Страница 55 из 57
Другое письмо он пошлет в маленький домик под Фарлингтоном, поблагодарит тетю за ее откровенность и пригласит их с мистером Флетчером в Лонгбридж. Он потерял мать и не хочет потерять свою тетю, особенно теперь, когда ему требуется ее помощь, чтобы выбраться из трясины, куда он угодил по своей глупости.
Остается еще самая мучительная рана — непреодолимая пропасть между ним и Лилианой. Это его вина. Бенедикт не так уж и виноват — ведь именно он сначала игнорировал жену, а потом выискивал причины для недоверия. Она спасла его жалкую жизнь, а он за это обвинил ее в любви к брату.

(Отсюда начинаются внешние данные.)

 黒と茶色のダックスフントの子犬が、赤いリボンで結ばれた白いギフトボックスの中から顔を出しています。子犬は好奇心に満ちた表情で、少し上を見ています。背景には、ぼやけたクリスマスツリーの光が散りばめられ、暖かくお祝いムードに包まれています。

И как бы ни было ему трудно, он должен ей все рассказать, признаться в своем безумии, которое заставило его обвинять ее, открыть ей свое измученное сердце. Он с радостью отдаст жизнь за свою принцессу, если это поможет им перекинуть мост через пропасть. Ибо без нее он просто умрет.

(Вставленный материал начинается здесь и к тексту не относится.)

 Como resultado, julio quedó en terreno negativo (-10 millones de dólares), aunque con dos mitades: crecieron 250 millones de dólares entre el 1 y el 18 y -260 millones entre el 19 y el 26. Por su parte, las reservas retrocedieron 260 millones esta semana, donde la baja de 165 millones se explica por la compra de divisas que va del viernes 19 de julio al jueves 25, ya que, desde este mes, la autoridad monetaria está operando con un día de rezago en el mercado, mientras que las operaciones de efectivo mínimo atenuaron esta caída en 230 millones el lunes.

Она нужна ему для спасения.
Над горизонтом уже показалось солнце, и Лилиана, обхватив руками живот, в последний раз смотрела из окна на сады Лонгбриджа. Желудок у нее на время успокоился, но сердце болело, а разум находился в полном смятении. Может ли она просто взять и уехать? Оставить ли Эдриану записку с сообщением, что она носит его ребенка? Со времени неожиданной встречи в Килинге она разрывалась между ответственностью за будущего ребенка и глубокой обидой, побуждающей ее уехать.
Если что-то и способно извлечь любовь из глубин несчастного сердца Эдриана Спенса — так это его ребенок, собственная плоть и кровь. Но она не сможет жить без этого ростка, зародившегося в ее лоне. И она не сможет больше жить с Эдрианом.
Опустившись на низкую скамейку, Лилиана прижалась лбом к холодному стеклу. Она давно забыла свой гнев, ярость перешла в глубокое отчаяние. Мысль, что она потеряла его навсегда, причиняла такую боль, которая не шла ни в какое сравнение с мучениями, вызванными презрением Эдриана. Да, он ей не доверял, а чего она могла ожидать? После той его жизни даже удивительно, как он, снедаемый подозрениями, не выгнал ее из дома.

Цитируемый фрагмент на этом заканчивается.